Source material:
□ □ □
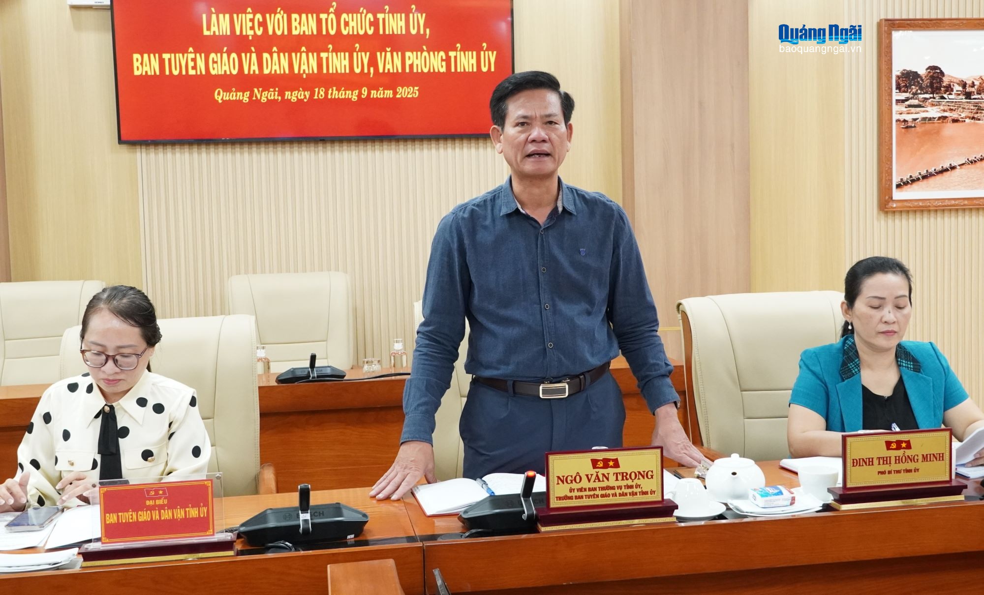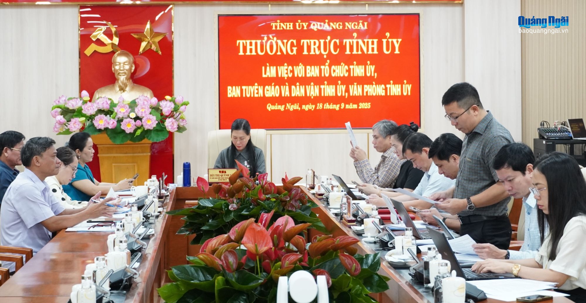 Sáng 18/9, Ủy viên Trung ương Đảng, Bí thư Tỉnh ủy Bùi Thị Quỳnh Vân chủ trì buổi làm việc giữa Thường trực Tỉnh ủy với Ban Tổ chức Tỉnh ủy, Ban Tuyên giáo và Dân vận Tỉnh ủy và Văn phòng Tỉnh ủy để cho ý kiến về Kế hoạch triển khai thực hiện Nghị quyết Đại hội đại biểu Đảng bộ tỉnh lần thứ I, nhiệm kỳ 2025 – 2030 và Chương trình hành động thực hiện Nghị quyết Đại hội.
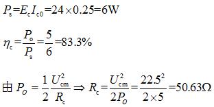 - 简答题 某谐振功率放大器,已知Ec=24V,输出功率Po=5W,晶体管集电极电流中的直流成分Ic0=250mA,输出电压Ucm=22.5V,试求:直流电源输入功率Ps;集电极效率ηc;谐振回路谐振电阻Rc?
□ □ □
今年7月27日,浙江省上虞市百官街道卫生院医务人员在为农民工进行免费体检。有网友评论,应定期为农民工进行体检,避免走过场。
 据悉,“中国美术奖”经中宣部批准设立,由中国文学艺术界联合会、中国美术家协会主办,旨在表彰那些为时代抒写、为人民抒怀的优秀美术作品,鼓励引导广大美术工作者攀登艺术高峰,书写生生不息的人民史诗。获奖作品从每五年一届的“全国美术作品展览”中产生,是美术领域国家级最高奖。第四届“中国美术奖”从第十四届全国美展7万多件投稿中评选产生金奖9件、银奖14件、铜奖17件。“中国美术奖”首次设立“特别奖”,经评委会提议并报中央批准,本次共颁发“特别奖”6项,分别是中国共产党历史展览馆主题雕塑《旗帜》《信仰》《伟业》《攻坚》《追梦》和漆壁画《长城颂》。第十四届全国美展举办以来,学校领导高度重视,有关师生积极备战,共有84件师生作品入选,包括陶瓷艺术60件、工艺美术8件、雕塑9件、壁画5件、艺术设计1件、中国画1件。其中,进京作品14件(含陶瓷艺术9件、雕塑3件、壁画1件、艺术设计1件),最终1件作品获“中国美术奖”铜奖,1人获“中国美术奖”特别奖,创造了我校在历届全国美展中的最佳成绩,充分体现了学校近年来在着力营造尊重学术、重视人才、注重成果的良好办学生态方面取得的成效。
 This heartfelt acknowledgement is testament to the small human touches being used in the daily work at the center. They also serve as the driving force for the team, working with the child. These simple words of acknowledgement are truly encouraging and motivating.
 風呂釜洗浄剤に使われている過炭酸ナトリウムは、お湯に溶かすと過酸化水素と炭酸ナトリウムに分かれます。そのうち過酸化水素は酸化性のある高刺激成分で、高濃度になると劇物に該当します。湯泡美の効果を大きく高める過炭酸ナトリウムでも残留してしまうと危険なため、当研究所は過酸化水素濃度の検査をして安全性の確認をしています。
□ □ □
What is required:
In the entries above, find the line holding "今年7月27日,浙江省上虞市" and the line holding "風呂釜洗浄剤に使われている過"; print both of them and every line between, exactly, and nothing else.

Solution for this problem:
今年7月27日,浙江省上虞市百官街道卫生院医务人员在为农民工进行免费体检。有网友评论,应定期为农民工进行体检,避免走过场。
 据悉,“中国美术奖”经中宣部批准设立,由中国文学艺术界联合会、中国美术家协会主办,旨在表彰那些为时代抒写、为人民抒怀的优秀美术作品,鼓励引导广大美术工作者攀登艺术高峰,书写生生不息的人民史诗。获奖作品从每五年一届的“全国美术作品展览”中产生,是美术领域国家级最高奖。第四届“中国美术奖”从第十四届全国美展7万多件投稿中评选产生金奖9件、银奖14件、铜奖17件。“中国美术奖”首次设立“特别奖”,经评委会提议并报中央批准,本次共颁发“特别奖”6项,分别是中国共产党历史展览馆主题雕塑《旗帜》《信仰》《伟业》《攻坚》《追梦》和漆壁画《长城颂》。第十四届全国美展举办以来,学校领导高度重视,有关师生积极备战,共有84件师生作品入选,包括陶瓷艺术60件、工艺美术8件、雕塑9件、壁画5件、艺术设计1件、中国画1件。其中,进京作品14件(含陶瓷艺术9件、雕塑3件、壁画1件、艺术设计1件),最终1件作品获“中国美术奖”铜奖,1人获“中国美术奖”特别奖,创造了我校在历届全国美展中的最佳成绩,充分体现了学校近年来在着力营造尊重学术、重视人才、注重成果的良好办学生态方面取得的成效。
 This heartfelt acknowledgement is testament to the small human touches being used in the daily work at the center. They also serve as the driving force for the team, working with the child. These simple words of acknowledgement are truly encouraging and motivating.
 風呂釜洗浄剤に使われている過炭酸ナトリウムは、お湯に溶かすと過酸化水素と炭酸ナトリウムに分かれます。そのうち過酸化水素は酸化性のある高刺激成分で、高濃度になると劇物に該当します。湯泡美の効果を大きく高める過炭酸ナトリウムでも残留してしまうと危険なため、当研究所は過酸化水素濃度の検査をして安全性の確認をしています。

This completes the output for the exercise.